Because they’re ultraportable and easy to use, smartphones enhance many of our day-to-day tasks, providing instant access to the wealth of information available on the Internet as well as offering various functionalities such as easy credit-card payments, videoconferencing, and voice recognition. According to Gartner, more than 428 million mobile devices were sold worldwide in the second quarter of 2011, accounting for 25 percent of the total number of mobile devices sold to date. IMS Research predicts that annual smartphone sales will surpass 1 billion devices by the end of 2016.

Users increasingly depend on their mobile phones, and he vast amount of personal information these devices now store has made them a prime target for malware attacks. Since researchers at Kaspersky Lab found Cabir, the first network worm for mobile phones, in 2004, malware has continued to increase along with smartphones’ popularity.

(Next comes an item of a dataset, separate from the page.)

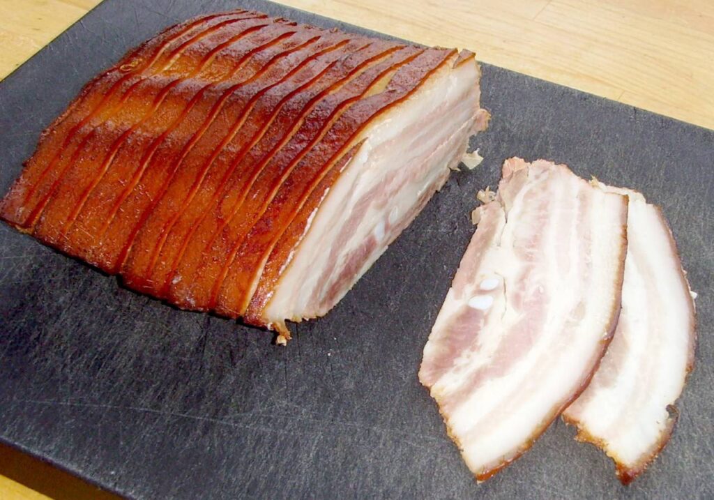 - Dansk bacon: Typisk fremstillet af svinebryst, ofte ved stiksaltning.

Surveys provide a better understanding of the motivations behind mobile malware “in the wild”—the malicious applications available in mobile app markets.1 This information in turn can help mobile-security researchers develop the novel techniques required to protect smartphones from security threats.

What Is Mobile Malware?

Malware—software that exhibits malicious behavior—is broadly categorized to include viruses, botnets, worms, and Trojan horses. Initially, malware merely highlighted a software system’s security vulnerabilities, but the motivations behind it gradually changed, and its authors now use malware to gain financial benefits on a larger scale.

Many novel techniques for detecting malware have been proposed in the literature, most of them highlighted in a comprehensive 2011 survey by Manuel Egele and his colleagues.2 However, mobile malware research is still in its infancy, even as malware authors shift their focus to smartphones.

In addition to malware, the other two major categories of threats to mobile devices are personal spyware and grayware. 1 Spyware collects information such as user location, SMS messages, and call history without the victim’s knowledge. Spyware can’t be labeled as illegal because it doesn’t send information to the application’s author, but installing personal spyware on a mobile phone without the device owner’s authorization could be considered unethical.

Grayware is annoying, but it’s far less serious than malware—for example, instead of disrupting computer operations or gathering sensitive information, it might change the user’s font colors or install irritating pop-ups. Grayware applications are common in smartphones and sit just on the edge of legality: grayware authors describe their intentions and the application’s behavior in the privacy policy, but users typically just click through and select the “agree” option without paying much attention to what the statement actually says.

Many researchers have categorized malicious mobile applications according to their authors’ motivations and the applications’ behavioral similarities.1 Table 1 summarizes the most important examples, which come from this link.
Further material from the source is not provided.